N-VA: crise de croissance ou d'existence ?

Philippe Walkowiak
Philippe Walkowiak - © RTBF

La "Nouvelle Alliance Flamande" a été fondée en 2001 par l’aile la plus droitière de feu la Volksunie (VU), qui en 1954 avait elle-même repris le flambeau nationaliste compromis avec l’occupant par le VNV (Vlaams Nationaal Verbond, fondé en 1933), lui-même successeur du Front Partij créé en 1919.

Finalement, la N-VA n’est que l’héritière d’une tradition politique qui s’était toujours dressée face au gouvernement "belge", même si la VU a fini elle aussi par "monter" au pouvoir.

La surprise du pouvoir

Jamais la N-VA, à sa fondation, n’a eu l’ambition de participer un jour au gouvernement fédéral.

La désagrégation du CVP, les maladresses d’Yves Leterme à la tête du CD&V, la décrépitude du Vlaams Belang et de ses idées fétides associés au "génie" populiste de Bart De Wever allaient finalement propulser la N-VA à participer au gouvernement flamand (depuis 2009), à prendre la tête de celui-ci (2014) et à dicter la ligne du gouvernement fédéral dans une Belgique où elle devient la première force politique.

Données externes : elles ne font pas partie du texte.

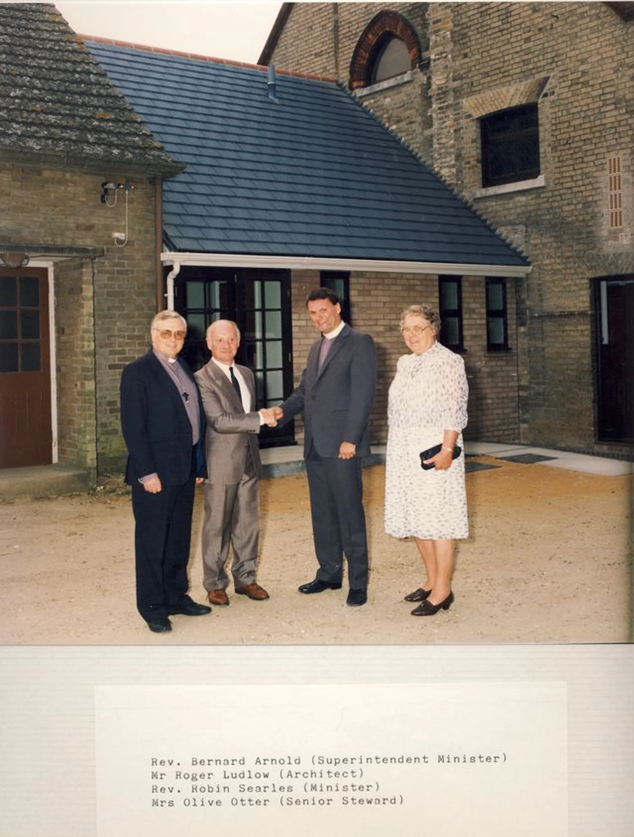 The work has been done to make a link between the two Methodist buildings. This is the opening ceremony of the extension including Rev Robin Searles (Minister) and Mrs Olive Otter (Senior Steward) on 10 September 1991.
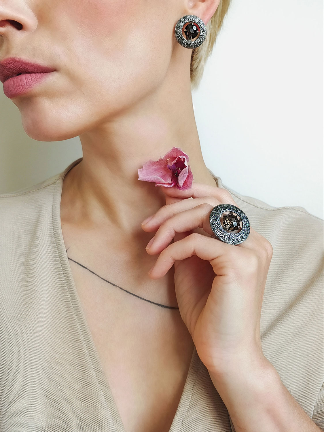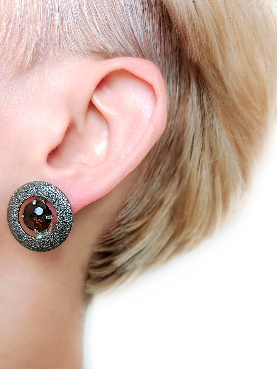 Фото «Серебряные серьги круглые Spika Gold 20118-065-10 с дымчатым кварцем»
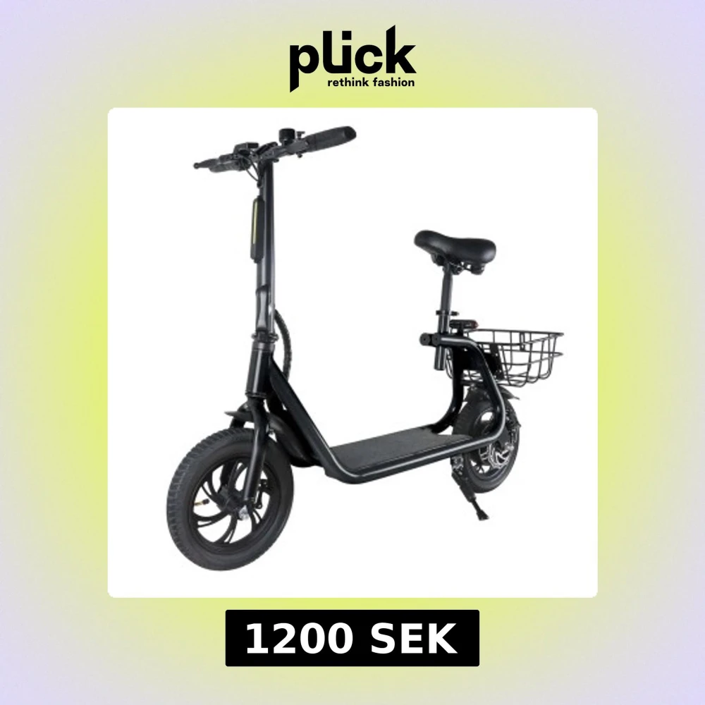 Modern elektrisk sparkcykel med bekväm sadel och praktisk bakre korg. Utrustad med robusta däck, handbroms och stöd. Perfekt för stadspendling och kortare resor. Produkten ser ut att vara i mycket gott skick synligt slitage bra till julklapp
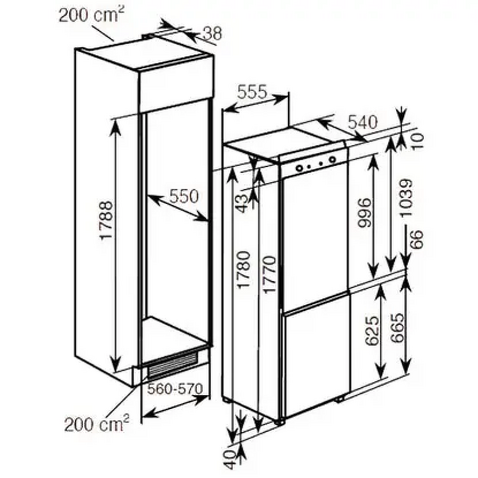 Высота ниши для установки, см 177

Le parti a grandi très vite ; dans une Flandre traditionnellement à droite, la N-VA a su tenir le discours qu’une grande partie des électeurs flamands avaient envie d’entendre. Présent dans la rhétorique du parti, les idées nationalistes et autonomistes allaient être finalement mises en berne par la première participation gouvernementale. Comme pour d’autres, si Paris valait bien une messe, Bruxelles vaut bien ce reniement.

L’ivresse du pouvoir

Dans l’accord de gouvernement fédéral, les nationalistes pouvaient d’autant plus imposer leurs vues sécuritaires et économiques "très" libérales qu’ils renonçaient au 16. Il fallait également donner des gages au mouvement flamand dont la N-VA se voulait la vitrine politique. Il apparaît finalement que les intérêts du VOKA ne sont pas les mêmes que ceux du VVB (le Vlaams Volk Beweging). Le communautaire, l’autonomie sont remis à plus tard, à après 2019. La réalité arithmétique fait aussi qu’il faudra composer horresco referens avec le PS pour entamer une nouvelle réforme de l’État. Bart De Wever préfère imaginer une nouvelle coalition socio-économique. Le projet de Vuye et Wouters Objectief V, Confederalisme et Democratie devenait superfétatoire mais il ne fallait pas que cela se sache (trop). En admirateur de Jules César, Bart De Wever n’a pas aimé la contradiction et l’"imperator" de la N-VA a donc tendu le pouce vers le bas quand il s’est agi de statuer sur le sort des deux députés récalcitrants.

Pas sûr que le mouvement flamand digère aussi facilement ce qui passe pour un abus de pouvoir et avec des intentions de vote en chute, la crise interne pourrait continuer à couver.